Batıda ırkçı faşist gruplarla sokakta
terör estirilirken Kürt illerinde yeniden OHAL günlerine dönülüyor. Sokağa
çıkma yasakları ve yargısız infazlar geri dönmüş durumda.
Sokağa çıkma yasakları ilan edilerek
halka hayat zindan ediliyor. Cizre günlerdir kuşatma altında. Halk sokağa
çıkamıyor ve her yandan kuşatılmış durumda. Sokağa çıkan insanlar,
keskin nişancılar tarafından genç, yaşlı,çoluk çocuk demeden vuruluyor,evler
bombalanıyor.
Halkın oyuyla seçilmiş vekiller, geçici
hükümetin bakanları ilçeye sokulmuyor. İnsanlar dağı taşı yürüyerek aşmaya
çalışıyor.
İnsanlar öldürülen yakınlarının
cenazelerini sokağa çıkma yasağı yüzünden kaldıramıyor. Ölülerin bedenleri
kokmasın diye derin dondurucularda saklanıyor,buz kalıplarıyla soğutulmaya
çalışılıyor.
Oysa savaşın bile bir hukuku, ahlakı
vardır. Savaşta bile ölen insanların gömülmesine müsaade edilir.

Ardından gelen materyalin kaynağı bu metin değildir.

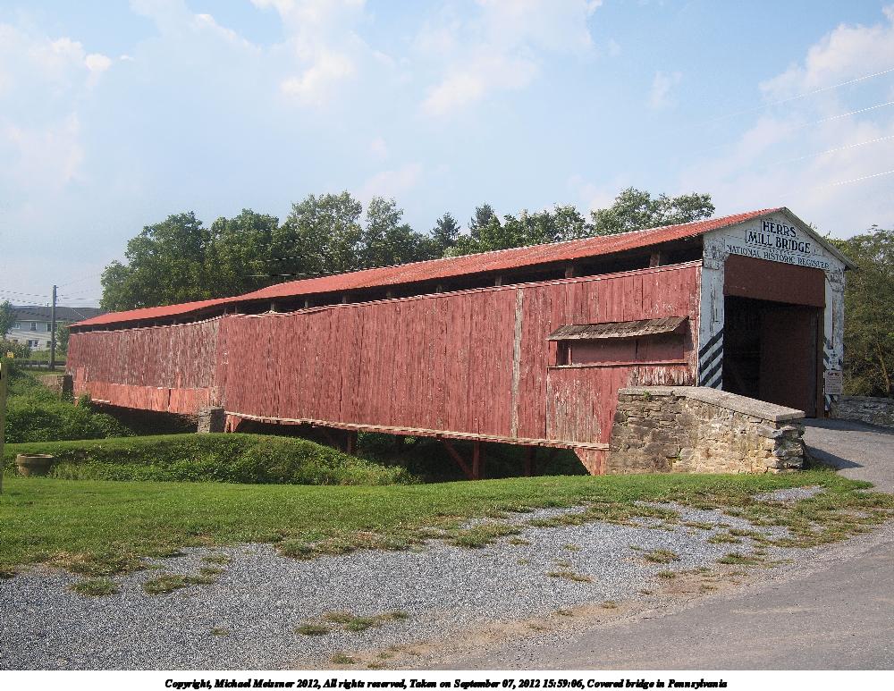 Picture #1: Covered bridge in Pennsylvania Thumb: 500x375, 46,544 bytes (46K) Small: 1000x773, 204,719 bytes (200K), (html file) Large: 4000x3000, 4,900,498 bytes (4.7M), (html file) Copyright, Michael Meissner 2012, All rights reserved Olympus E-P2 camera with Panasonic 20mm lens f/5.6, ISO 200, 1/800 sec, 20.0mm, auto mode, vivid color, SHQ, matrix metering, auto + manual focus, IS1 (All Direction Shake IS), noise filter low 35mm equivalent focal length 40.0mm Programs used: crop, raw therapee Taken by Michael Meissner on September 07, 2012 15:59:06 Last modified on July 21, 2013 at 23:14 |
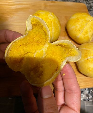 It has some sweet custard and pieces of corn inside, pretty yummy for corn lovers!
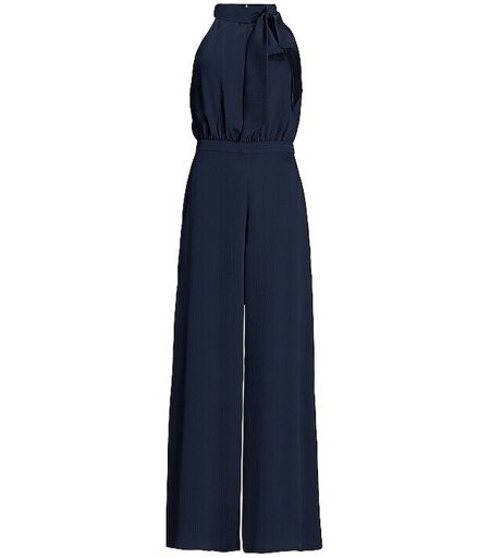 Eleganter Damen Jumpsuit aus gehämmertem Satin Mit Schluppe Stehkrgen Ärmellos Unifarben Farbbezeichnung: Navy Material: 100% Polyester ...
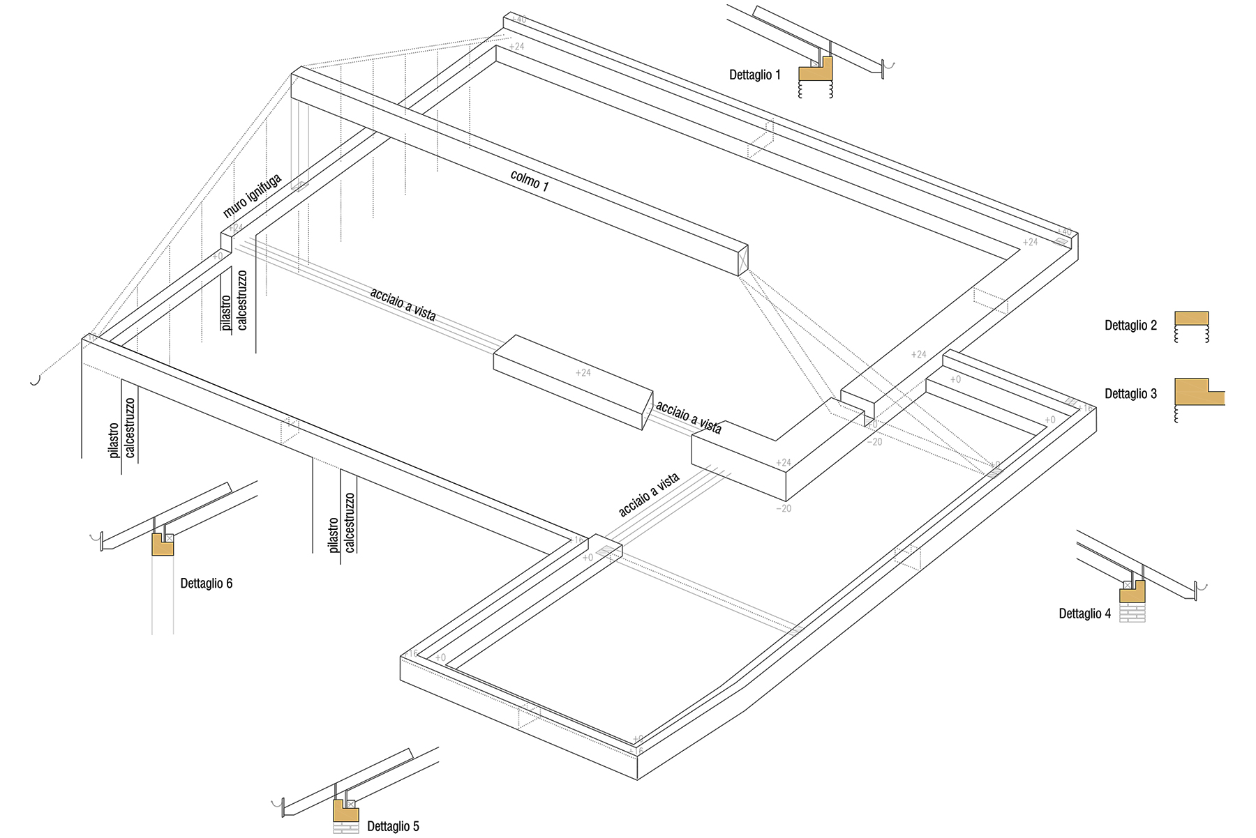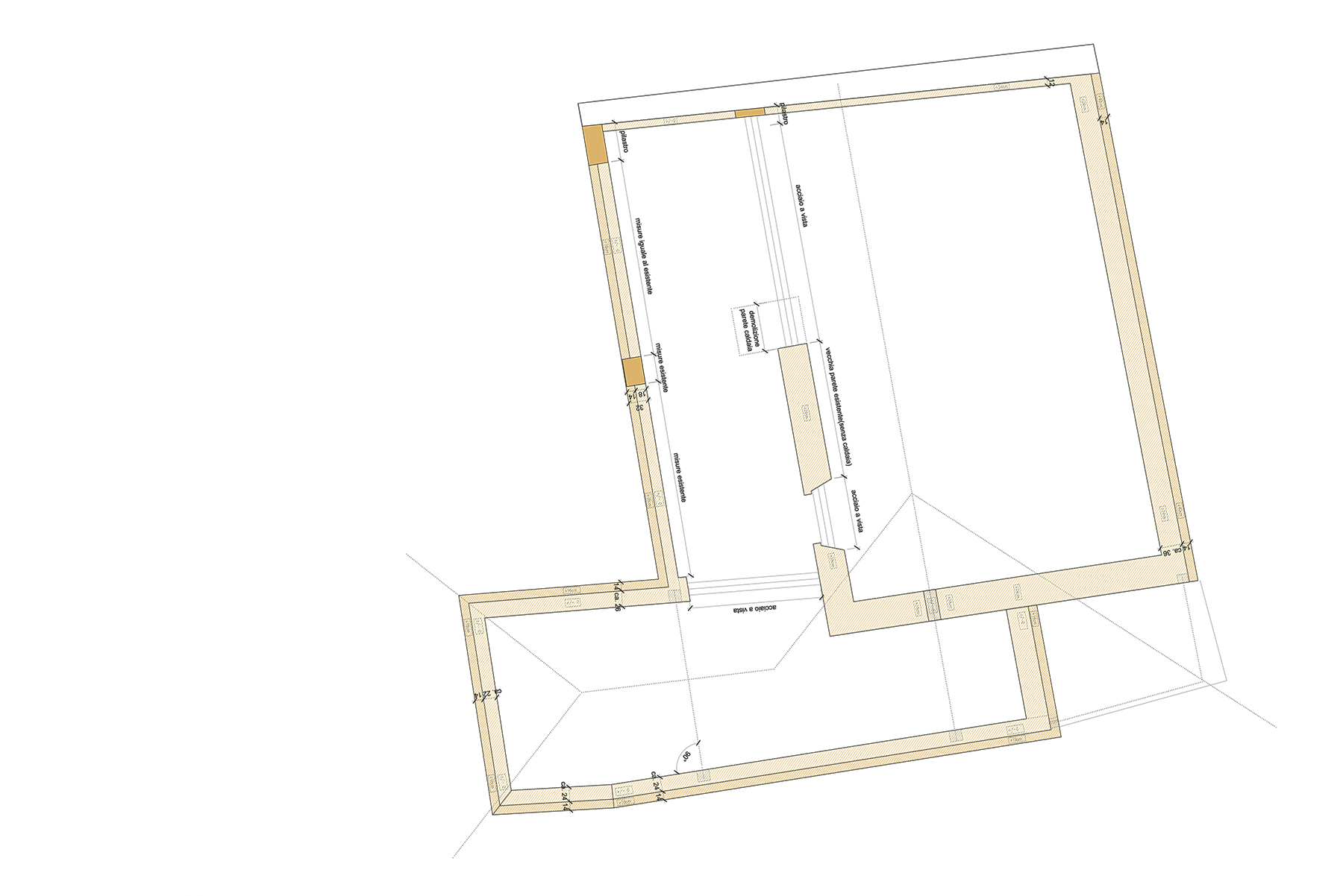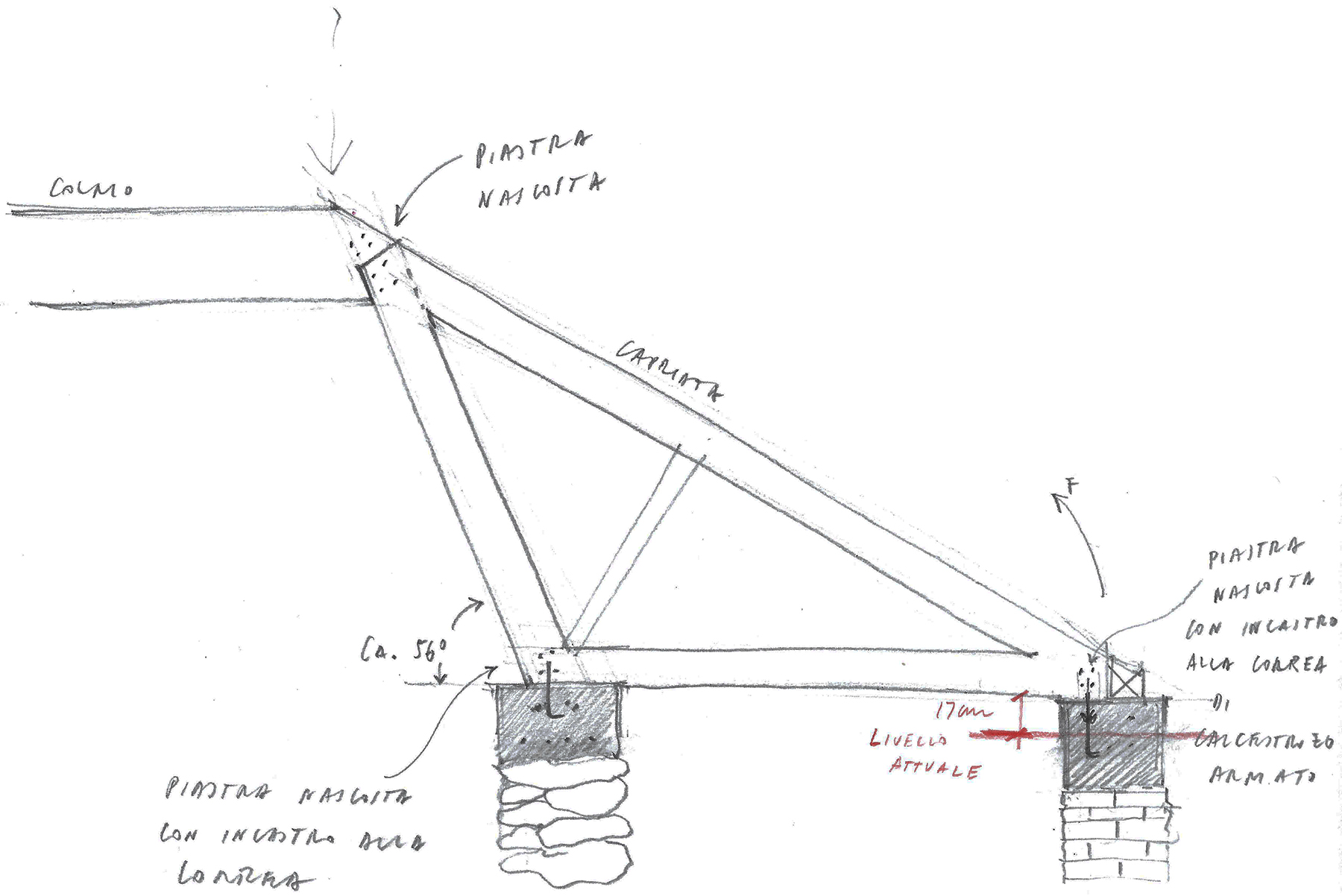 Also, not too long ago, the rustico was the place where the family kept their two cows, on the lower level, during the cold winter months. On the upper level, the necessary amount of hay was kept, to feed the animals below. On the restored house, the place where once hay was kept will become a small library and reading room. The weight of the Chestnut roof pressed down by the forces of gravity provided lateral stability to the otherwise fragile piles of dry-stacked stones. To replace the roof, a new yellow concrete tie-beam must be formed and poured as the stabilizing old roofs gets demounted. The new tie-beam will gently receive the new, insulated wood structure, while preventing any lateral movement of the masonry walls.
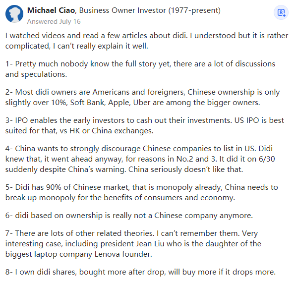 我看了视频,读了几篇关于滴滴的文章。我明白了前因后果,但这有点复杂,我无法很好地解释。1-几乎没有人知道全部情况,目前只有很多讨论和猜测。2-滴滴的所有者大多是美国人和其他外国人,中国人的所有权仅略高于10%,软银、苹果、优步等都是较大的所有者。3-首次公开募股(IPO)能使早期投资者能够兑现他们的投资。与香港或中国大陆的交易所相比,在美国IPO最适合这种情况。4-中国强烈反对中国公司赴美上市。滴滴知道这一点,但无论如何,因为第2点和第3点的原因,它没有停下来。它不顾中国ZF的警告,在6月30日突击上市。中国极其不喜欢这样。5-滴滴占有90%的中国市场,它已经处于垄断地位了,为了消费者的利益和经济发展需要,中国需要打破垄断。7-有很多其他相关的推测,我记不起来了。这是一个很有趣的案例,包括它的总裁柳青(Jean Liu)是最大的笔记本电脑公司联想的创始人的女儿。我持有滴滴的股票,如果下跌我会买入更多。如果下跌得更多,我会买入更多更多。
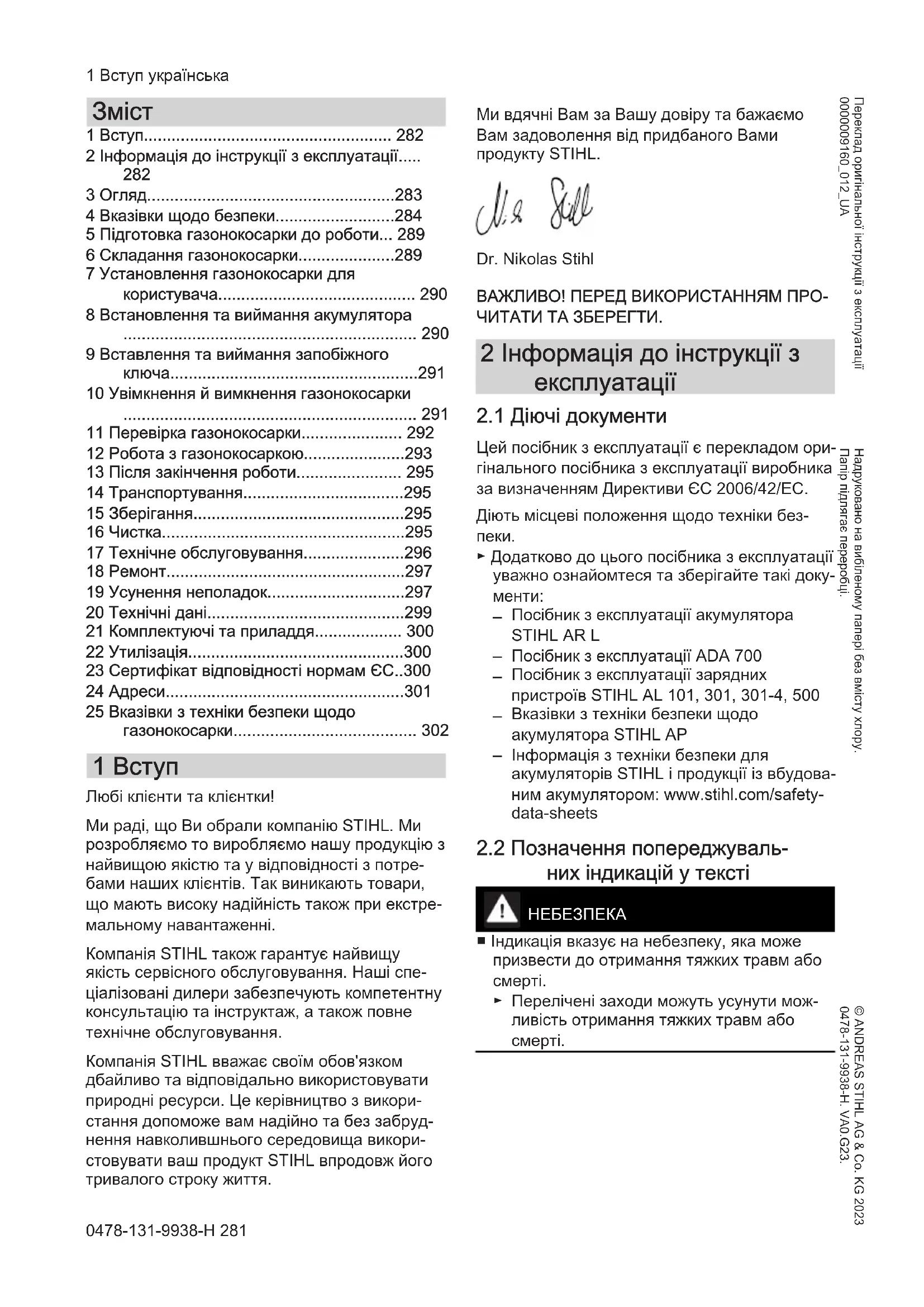 280 0478-131-9938-H© ANDREAS STIHL AG & Co. KG 2023 0478-131-9938-H. VA0.G23. Надруковано на вибіленому папері без вмісту хлору. Папір підлягає переробці. Переклад оригінальної інструкції з експлуатації 0000009160_012_UA

Truva filmini izleyenleriniz vardır
muhakkak. Truva’yı işgale gelen Yunan ordusunun en büyük savaşçısı
yarı tanrı Akhileus Truvalı komutan Hektor’u öldürür ve cesedini kaçırır.
Oğlunun cenazesini almaya giden Truva kralı Priamos ve Akhileus arasında şöyle
bir diyalog geçer;
Akhileus: Oğlunun cesedini sana versem
bile yarın yine düşmanımsın.
Priamos: Bu akşam bile düşmanımsın ama
düşmanlar bile birbirine saygılı davranabilir.
Evet, düşmanlar bile birbirine saygılı
davranabilir. Ama maalesef Cizre’de bunu göremiyoruz. Analar babalar
çocuklarının cesedini derin dondurucuda bekletmek zorunda bırakılıyor.
Çocuklarının cansız bedeniyle günlerce
aynı ortamda kalıyorlar. Söyleyin böyle bir acıya kaçınız dayanabilirsiniz
?Kaçınızın akıl sağlığı yerinde kalabilir ?Kaçınız kendinizi bu ülkeye ait
hissede bilirsiniz ?
Hadi diriye hiç saygıları yok ölüye
eziyet etmek neden?
İşte bunlar hep bir sarayın saltanatı
için. 400 vekil uğruna bir arada yaşam koşullarımız parçalanıyor.
1 Kasım’dan sonra değil 400,550 vekil
dahi alsalar bu şartlarda bu kan deryası içinde bu ülkeyi yönetemezler.
Ülkeyi ancak olağanüstü koşullarda tüm
kurumlar devre dışı bırakılarak ve tüm yetkiler tek elde toplanmış şekilde
yönetmek isteyecekler. Onun için de iç savaşı göze almış durumdalar.
O yüzden sokağı ele geçirmek, bizi
sindirmek ve direnemez hale getirmek istiyorlar.
Artık basın açıklamalarıyla tepki
göstereceğimiz günler geride kalmak üzere. Bu faşist ablukaya karşı
ortak bir direniş göstermeliyiz.
Savaşı kimin çıkardığını unutturmadan,
saraya duyulan öfkeyi örgütleyerek, bir arada yaşam iradesine sahip çıkarak
mücadelemizi sürdürmeliyiz.
Tarihin bizi bir kez daha faşizme karşı
örgütlenemediğimiz için yargılamasına müsaade etmeyelim.